### EXERCISE MATERIAL:
BEGIN

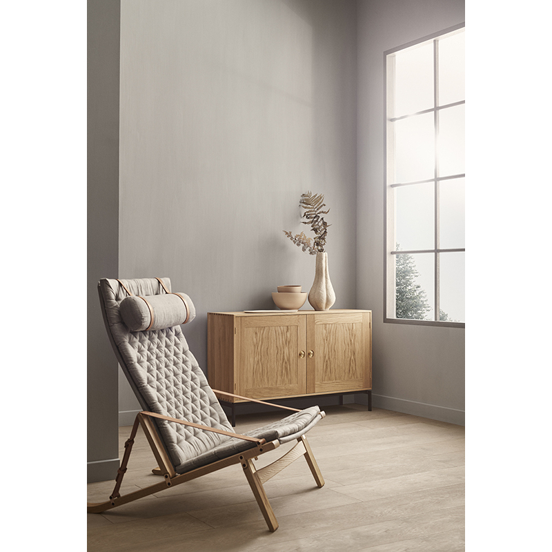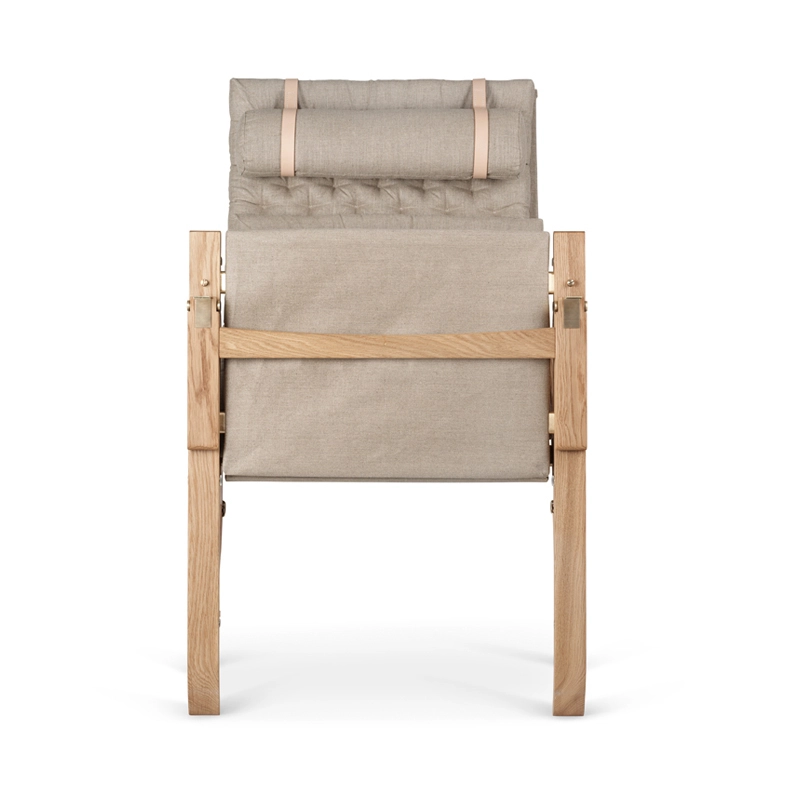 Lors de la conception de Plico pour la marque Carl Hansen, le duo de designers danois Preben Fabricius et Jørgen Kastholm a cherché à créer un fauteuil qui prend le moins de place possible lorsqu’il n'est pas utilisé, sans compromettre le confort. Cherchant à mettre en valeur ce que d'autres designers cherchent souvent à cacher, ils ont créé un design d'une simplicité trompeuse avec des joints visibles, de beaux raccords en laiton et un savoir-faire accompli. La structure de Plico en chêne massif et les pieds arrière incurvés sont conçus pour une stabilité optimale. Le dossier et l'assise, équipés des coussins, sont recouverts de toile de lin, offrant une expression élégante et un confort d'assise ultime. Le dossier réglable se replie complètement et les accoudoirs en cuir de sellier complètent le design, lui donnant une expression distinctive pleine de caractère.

END
BEGIN

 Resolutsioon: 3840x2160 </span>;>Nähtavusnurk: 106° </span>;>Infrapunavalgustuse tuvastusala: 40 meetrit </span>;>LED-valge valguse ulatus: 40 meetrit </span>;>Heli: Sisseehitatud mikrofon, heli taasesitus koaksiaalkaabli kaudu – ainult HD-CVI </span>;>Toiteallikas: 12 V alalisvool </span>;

END
BEGIN

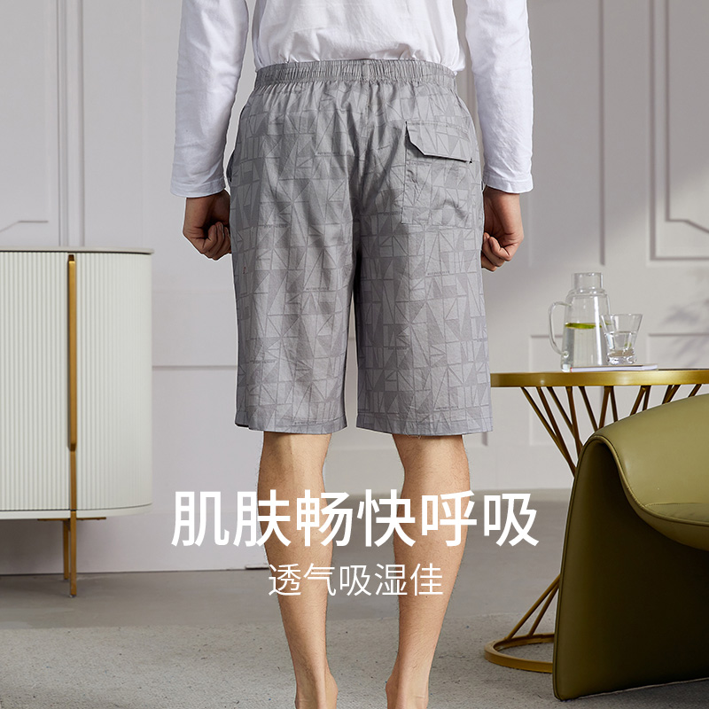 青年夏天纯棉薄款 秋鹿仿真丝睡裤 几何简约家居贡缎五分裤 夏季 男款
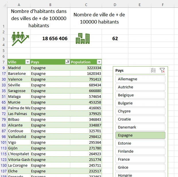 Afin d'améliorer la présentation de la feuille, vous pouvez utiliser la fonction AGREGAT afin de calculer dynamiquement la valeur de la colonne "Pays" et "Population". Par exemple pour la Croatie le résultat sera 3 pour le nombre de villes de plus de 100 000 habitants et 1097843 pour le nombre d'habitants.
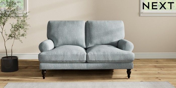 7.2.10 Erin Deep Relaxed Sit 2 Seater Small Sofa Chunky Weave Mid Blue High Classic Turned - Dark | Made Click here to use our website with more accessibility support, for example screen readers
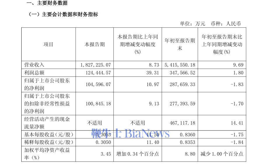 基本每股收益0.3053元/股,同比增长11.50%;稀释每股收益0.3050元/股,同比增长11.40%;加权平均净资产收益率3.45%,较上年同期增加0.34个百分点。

END

### TRY IT:
Starting at the line above that contains "青年夏天纯棉薄款 秋鹿仿真丝睡裤 几何简约家居贡缎五分裤 夏季 男款", transcribe every line exactly through the line that contains "基本每股收益0.3053元/", including that last one, and skip the pictures.

### SOLUTION TO THIS TASK:
 青年夏天纯棉薄款 秋鹿仿真丝睡裤 几何简约家居贡缎五分裤 夏季 男款
 Afin d'améliorer la présentation de la feuille, vous pouvez utiliser la fonction AGREGAT afin de calculer dynamiquement la valeur de la colonne "Pays" et "Population". Par exemple pour la Croatie le résultat sera 3 pour le nombre de villes de plus de 100 000 habitants et 1097843 pour le nombre d'habitants.
 7.2.10 Erin Deep Relaxed Sit 2 Seater Small Sofa Chunky Weave Mid Blue High Classic Turned - Dark | Made Click here to use our website with more accessibility support, for example screen readers
 基本每股收益0.3053元/股,同比增长11.50%;稀释每股收益0.3050元/股,同比增长11.40%;加权平均净资产收益率3.45%,较上年同期增加0.34个百分点。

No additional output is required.